ACT NW 2018 5, 1: find the least amount of bins needed to hold all items

This is a problem of computer programming competition from last year. The problems were sent home with the competitors, so I would consider them "released."

The problem is: "You want to choose the minimum number of shelves for all your book collections, so that each book collection is not divided between each shelf." Each shelf is at the same price, and the collections and the shelves can have different sizes. "To emphasize, the books can not be divided on separate shelves if they are in the same collection. There may be several collections on the same shelf.

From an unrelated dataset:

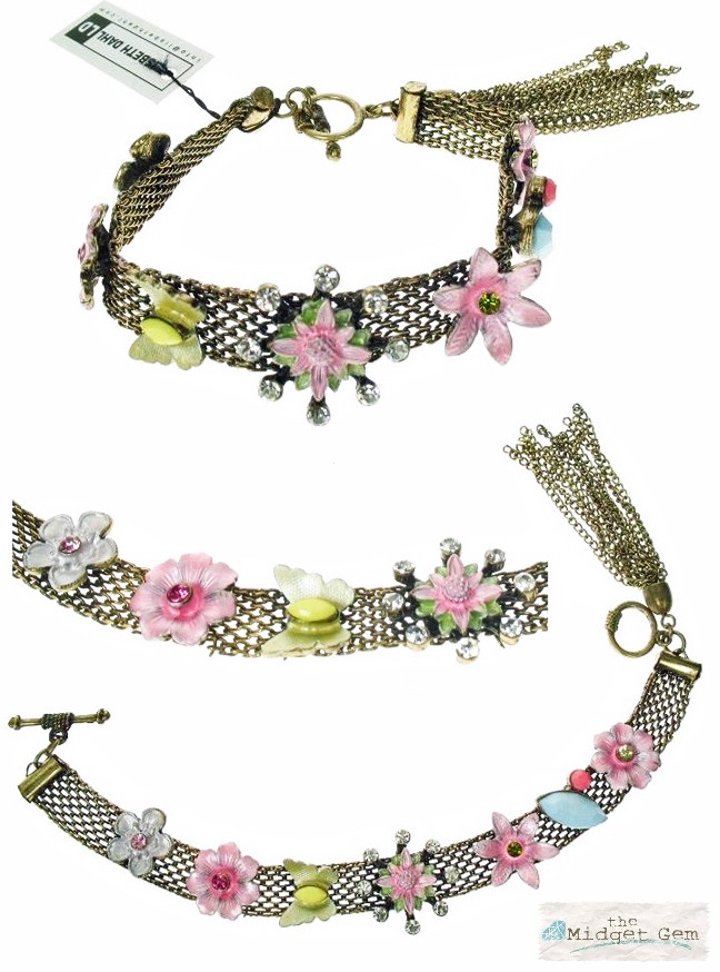 A fluid woven metal bracelet (1cm/10mm wide) decorated with flower and butterfly motifs. Enamels and crystals. Motifs measure 1.2cm/12mm – 2cm/20mm. In subtle pastel shades with vintaged gold plate. 8 inches/20cm long, toggle type fastener with metal tassel.

Input example (first line: size of each book shelf, second line: size of each book collection):

150 150 300 150 150

70 76 99 75 105

Expected results (number of shelves needed):


This was given at a beginner level competition. So I suppose that they want the competitors to make some sort of brute-force solution to that, like recursing through all the different possible selections (and then another recursion to understand how to put the books on the shelves properly) up to a minimal solution is found. Is there another algorithm that can be used for that which is not brute force?

links bins of different languages

Hello. I manage a site in English, but I also have some link links that come from sites in Russian (Russian) but with a relevant niche. Is it good or bad?